Candidate personal data — names, contact details, CV content, employment history, salary expectations, assessment scores — is classified as personal data under GDPR Article 4. When that data is processed by a third-party SaaS vendor, your organisation becomes the Data Controller and that vendor becomes the Data Processor. The obligations that flow from that relationship are not trivial.
GDPR Article 28 requires a binding Data Processing Agreement with every vendor that processes personal data on your behalf. Many SaaS ATS contracts include DPA language — but the terms they offer are the vendor's terms, not yours. Your DPO should review these before any data is uploaded.
The GDPR Legal Framework — What Actually Applies
Three GDPR articles create the core compliance framework for recruitment software decisions. Understanding these is the starting point for any deployment evaluation.
| GDPR Article | What It Requires | Self-Hosted Impact | SaaS Impact |
|---|---|---|---|
| Article 5 — Data Minimisation | Collect only what is necessary for the stated purpose | Full control over what is collected | Dependent on vendor's data model |
| Article 17 — Right to Erasure | Delete personal data on request, within 30 days | Direct deletion — no vendor dependency | Requires vendor cooperation |
| Article 25 — Privacy by Design | Embed data protection into system design from the start | Architecture entirely under your control | Dependent on vendor's architectural choices |
| Article 28 — Data Processor Requirements | Binding DPA with every processor; specific clauses required | No third-party processor | Mandatory DPA — vendor's terms typically apply |
| Article 32 — Security of Processing | Appropriate technical and organisational security measures | Full control — encryption, access, audit | Dependent on vendor's security posture |
| Article 46 — Cross-Border Transfers | Adequate safeguards required for non-EEA data transfers | No cross-border transfer if on-premises | Risk if vendor infrastructure is outside EEA |
| Article 83 — Administrative Fines | Fines up to €20M or 4% annual global turnover | Full organisational accountability | Shared — but you remain the Data Controller |
The Cross-Border Transfer Problem — SaaS Specific
Most enterprise SaaS recruitment platforms are headquartered in the United States, with server infrastructure that may span multiple regions. Under GDPR, transferring personal data outside the EEA requires one of the following safeguards: an adequacy decision, Standard Contractual Clauses (SCCs), or Binding Corporate Rules.

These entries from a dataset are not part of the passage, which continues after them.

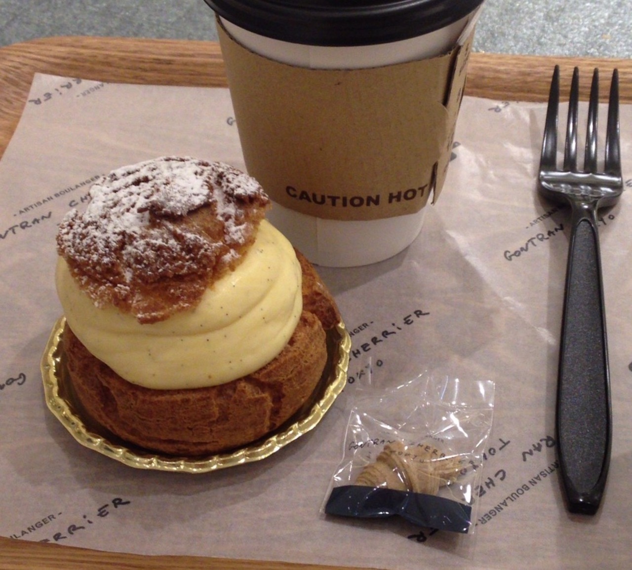 いつもはパンを購入しますが、クロワッサンがおいしいお店なのできっと皮がおいしいだろうと今回はシュークリームを注文。
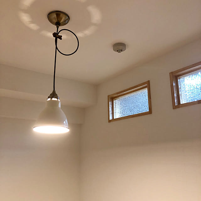 シェードを拭いてたら、そういえば緑色だったと思い出しました。ペンダントを選んでる時はタイルの緑色とコーディネートして深緑にこだわって決めたのに、いいかげんなもんですねf^_^; 光の加減で黒に見えがちだし。 内側が白くないのが決め手でした。
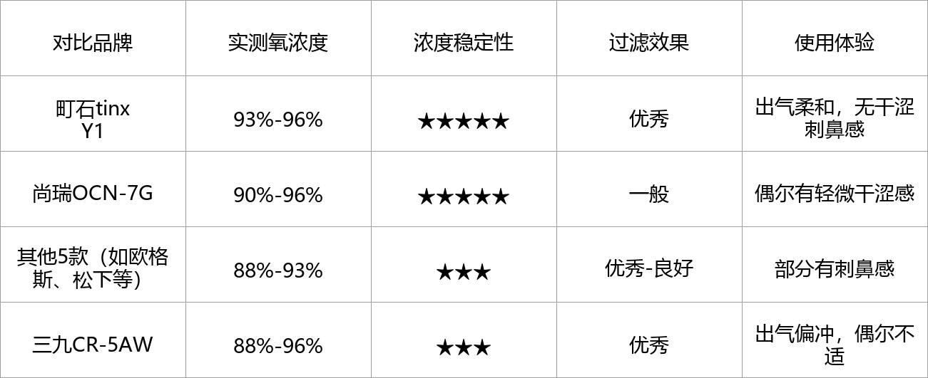 第三梯队的氧精灵102和三九CR-5AW,氧浓度波动比较大,氧精灵实测在83%-96%之间,偶尔会低于医用级标准,三九CR-5AW出气偏冲,偶尔会有不适,日常保健勉强够用,但体验不如前两个梯队。
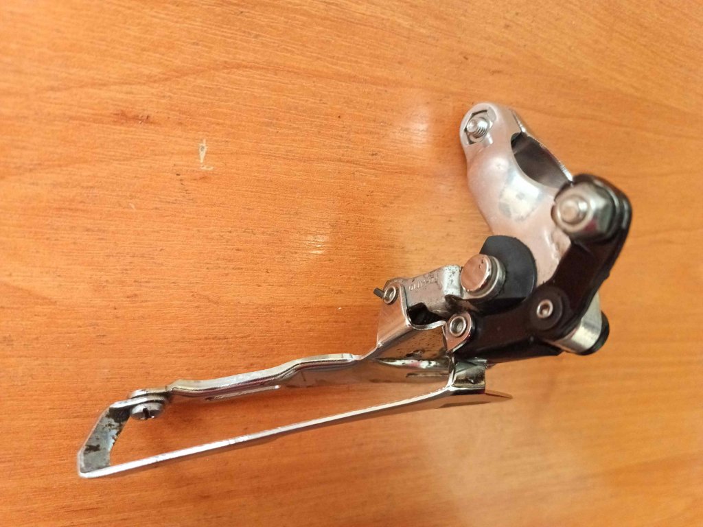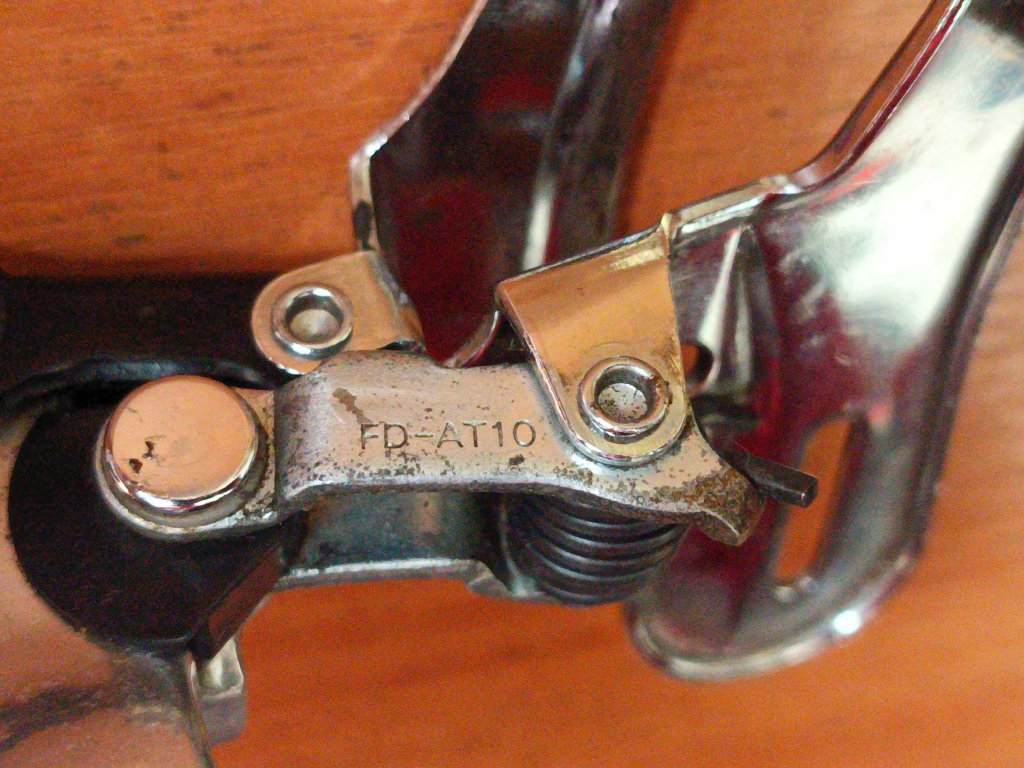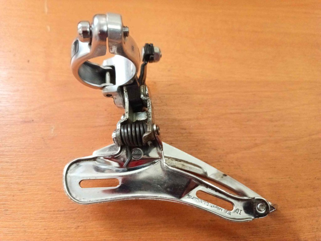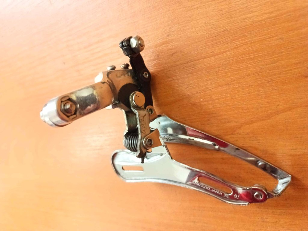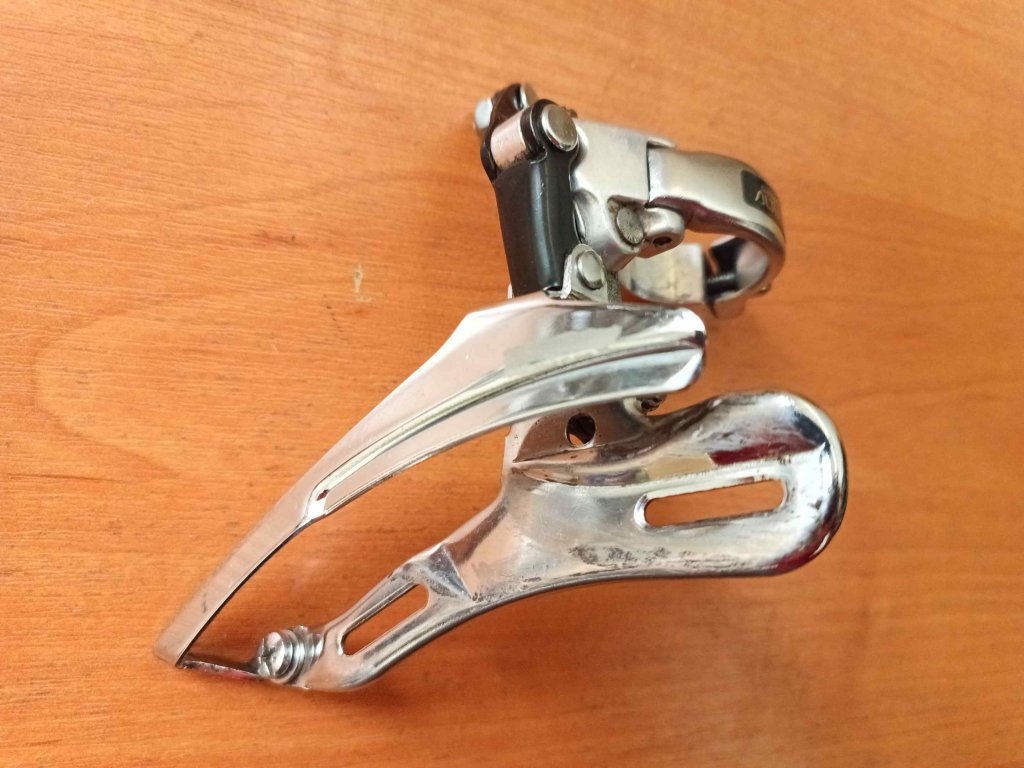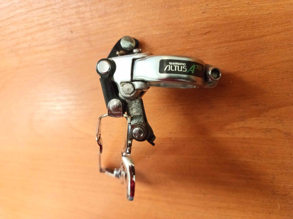 Použitý vintage přesmykač pro MTB, Shimano Altus A10 (FD-AT10), spodní tah. Zachovalý, funkční.
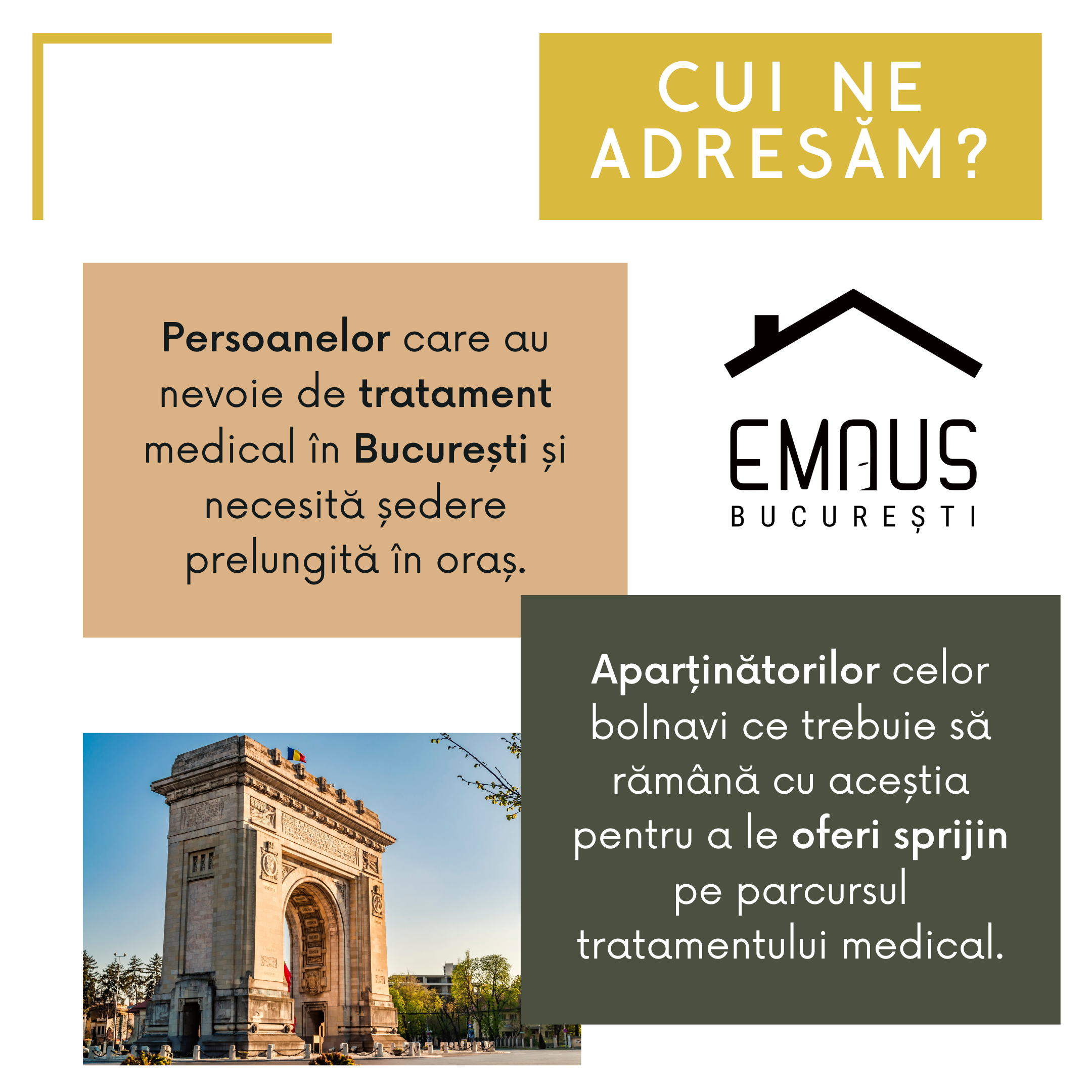 Viziune: Nicio persoană bolnavă, străină în București și cu venituri modeste, fără un loc unde să poată dormi noaptea, în siguranță!
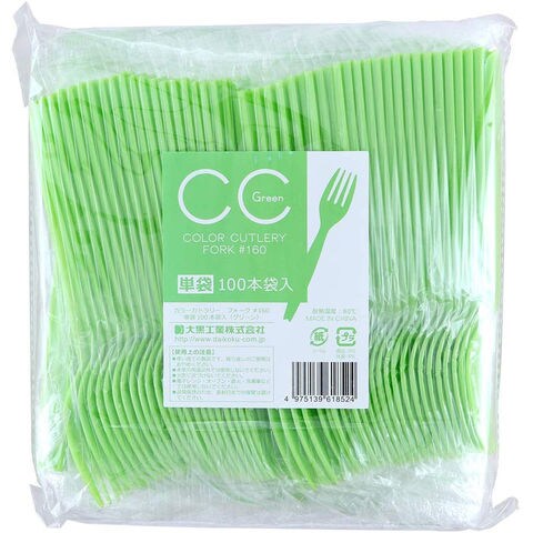 ナガオ 使い捨てフォーク 16cm グリーン 個別包装 100本セット 200840
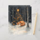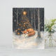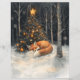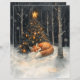 Arte em papel de scrapbook com uma adorável raposa dormindo em frente a uma árvore de Natal na floresta.
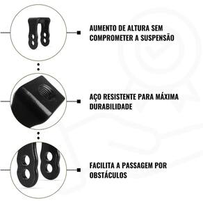 Com um aumento de 35mm na suspensão traseira, o alongador permite uma pilotagem mais estável, minimizando impactos e proporcionando maior controle nos obstáculos.
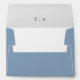 Elegant dusty blue wedding envelope with your names in a classic serif font along with your return address in a modern sans serif font. The inside has your monogram. This simple and minimal design is great for a traditional or formal wedding invitation suite.
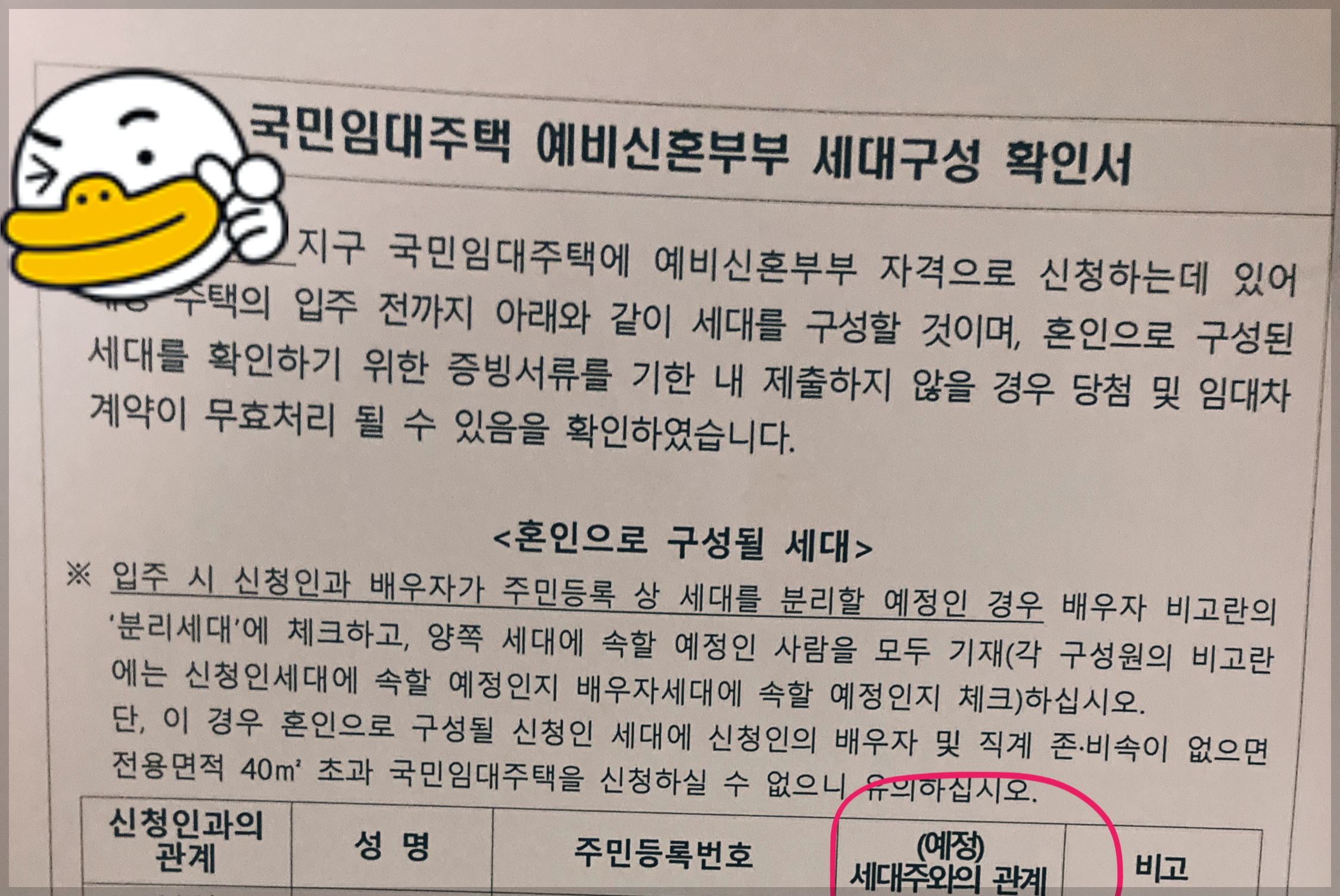 제출 서류중 하나였던 예비 신혼부부 세대 구성 확인서..!
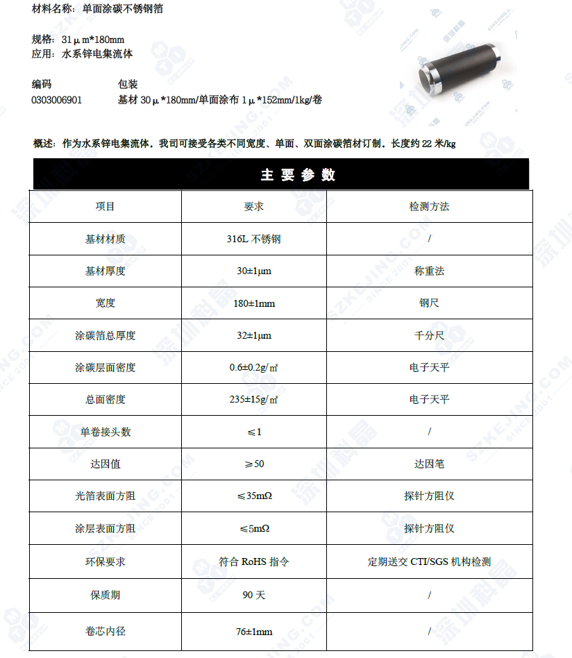 单/双面涂碳不锈钢箔 水系锌电用 316L不锈钢 深圳科晶
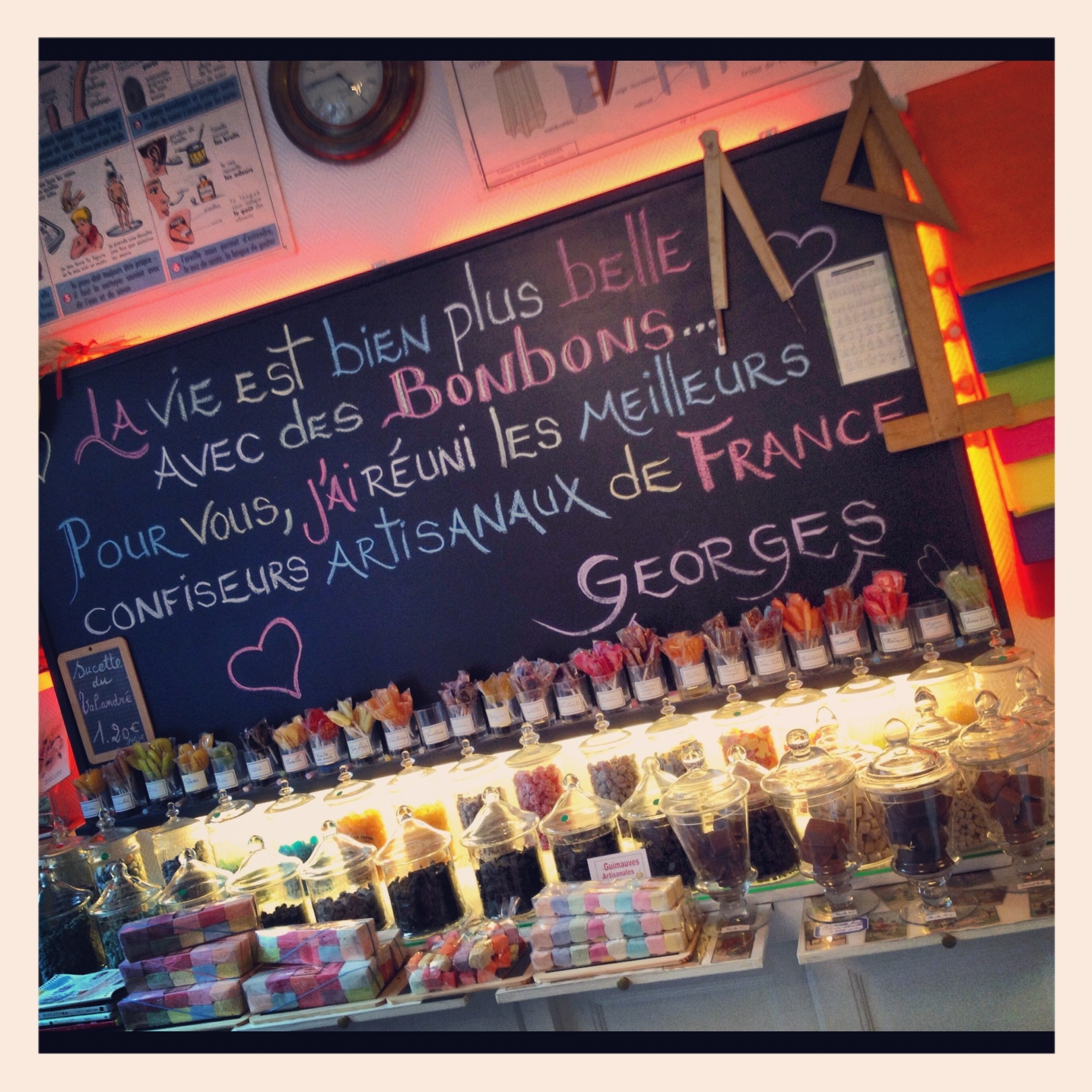 J’ai donc poussé la porte de cette magnifique boutique située « 19 rue Monge »à Paris, décorée à souhait dans un style « la classe du petit Nicolas ». On y retrouve les anciens bureaux d’école, le tableau noir, le compas et l’équerre en bois, l’horloge qui indique l’heure de la récré…etc etc Tout y ai bien coordonné et surtout par dizaines de jolies bonbonnières remplies de bonbons… et pas n’importe lesquelles finalement!!!

The UK-US Data Bridge (successor to Privacy Shield) provides a framework for US transfers — but only for US organisations that have self-certified under the framework. Before signing any SaaS ATS contract, your DPO should verify the vendor's transfer mechanism and jurisdiction.
"The question is not whether your SaaS vendor has a DPA. They all do. The question is whether their DPA gives your DPO the control they actually need — or just the appearance of it."
— Cognitosage Compliance TeamThe Decision Framework — Six Questions Your DPO Should Ask
Before selecting a deployment model, any organisation processing candidate data at scale should be able to answer the following six questions. The answers determine whether SaaS or self-hosted is the compliant choice for your specific context.
| # | Question | If Yes — Implication | Recommended Model |
|---|---|---|---|
| 1 | Does your industry have sector-specific data regulations beyond GDPR? (HIPAA, FCA, NHS DSP Toolkit) | Sector regulation may require explicit data residency or self-hosting | Self-Hosted |
| 2 | Do you process candidate data for roles with security clearance requirements? | National security and vetting regulations typically prohibit third-party cloud processing | Self-Hosted |
| 3 | Has your board or DPO mandated that candidate data stays on-premises? | Board mandate supersedes cost/convenience considerations | Self-Hosted |
| 4 | Do you need to demonstrate data sovereignty to clients or regulators? | Client contracts may require documented on-premises processing | Self-Hosted |
| 5 | Do you lack internal DevOps capability for platform maintenance? | Without maintenance resource, self-hosted creates compliance risk through patching gaps | Managed Cloud or Hybrid |
| 6 | Do you need fastest possible time-to-value for a pilot or trial? | Managed cloud deployment eliminates infrastructure setup — live within hours | Managed Cloud → Migrate Later |
Industry-Specific Requirements — Beyond GDPR
For organisations in regulated industries, GDPR is the floor, not the ceiling. Sector-specific regulations create additional requirements that further distinguish the two deployment models.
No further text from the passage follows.